Lesson 13 · Solution · The binomial likelihood

Solution: What 4 Heads Out of 5 Actually Says

P(4 heads in 5 flips | p = 0.7) = C(5,4) · 0.7⁴ · 0.3¹ = 5 × 0.2401 × 0.3 ≈ 0.360.

Walking the formula: C(5,4) = 5 (there are 5 different flip-sequences with exactly one tail — TAILS-then-4-heads, or the tail in any of the other 4 positions). 0.7⁴ = 0.2401 is the probability of any one specific 4-heads outcome; 0.3¹ is the probability that the remaining flip is a tail. Multiply all three together and about 36% of the time, a truly-70%-heads coin produces exactly this data over 5 flips.

The number alone answers nothing yet — it only becomes useful in comparison. 0.360 isn’t “the probability the coin is biased” and it isn’t a verdict on p = 0.7 in isolation; it’s one entry on an answer sheet like last lesson’s, one likelihood value attached to one candidate rate. The move that makes it Bayesian: compute the same likelihood formula under other candidate rates too — say p = 0.5 (a fair coin) gives C(5,4)·0.5⁴·0.5¹ = 5 × 0.03125 ≈ 0.156, noticeably lower. Line up enough candidate p values side by side, each with its own likelihood, and you’ve built the entire likelihood curve — the second ingredient (alongside a prior over p) that a posterior distribution multiplies together, point by point, exactly the way odds-form multiplied a single likelihood ratio into prior odds back in Stage 1.
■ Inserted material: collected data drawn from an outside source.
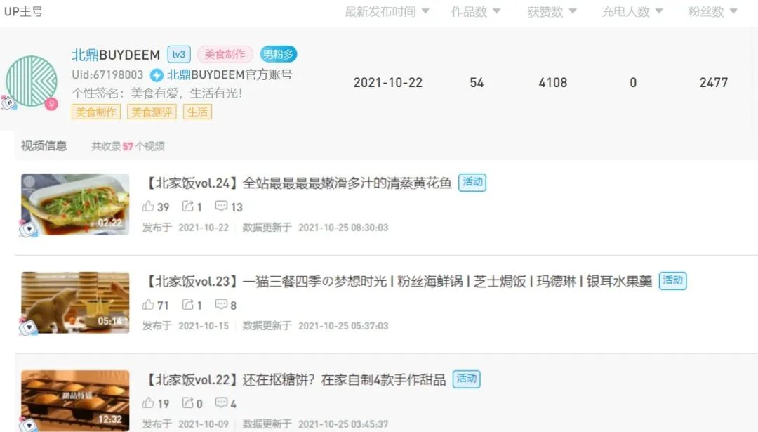 以美食制作的视频为主,治愈系的画面搭配高颜值的厨具(跟前期的视频风格调性不符,明显优化了,但更新频率低,涨粉慢,B站更加考验创作的创意,视频偏向于精致的美食VLOG,更适合小红书)
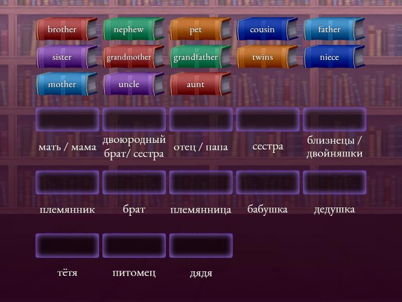 brother - брат, aunt - тётя, grandmother - бабушка, pet - питомец, father - отец / папа, cousin - двоюродный брат/ сестра, grandfather - дедушка, sister - сестра, uncle - дядя, mother - мать / мама, twins - близнецы / двойняшки, niece - племянница, nephew - племянник,
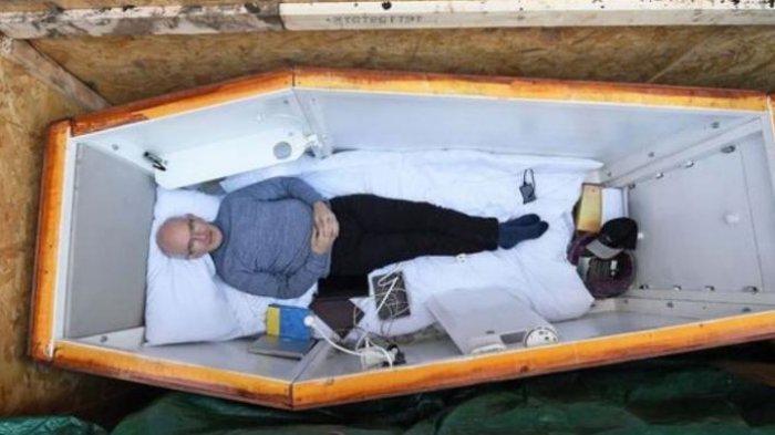 Semua kegiatan John selama tiga hari di dalam peti itu akan disiarkan lewat situs Walking Free dan Facebook.

Why the binomial shape specifically: it applies whenever data is a count of successes out of a fixed number of independent identical trials, each with the same unknown success probability — coin flips, yes, but also click-through counts, defect counts in a batch, or “how many users converted out of those shown a variant.” Any time that shape shows up, this same formula is the likelihood machinery underneath.

Where this goes: next lesson puts a prior over p (a starting answer sheet before any data) next to this likelihood and multiplies them together, point by point across every candidate rate — producing the posterior answer sheet: beta-binomial updating, the first fully worked distribution-level Bayesian update in this track.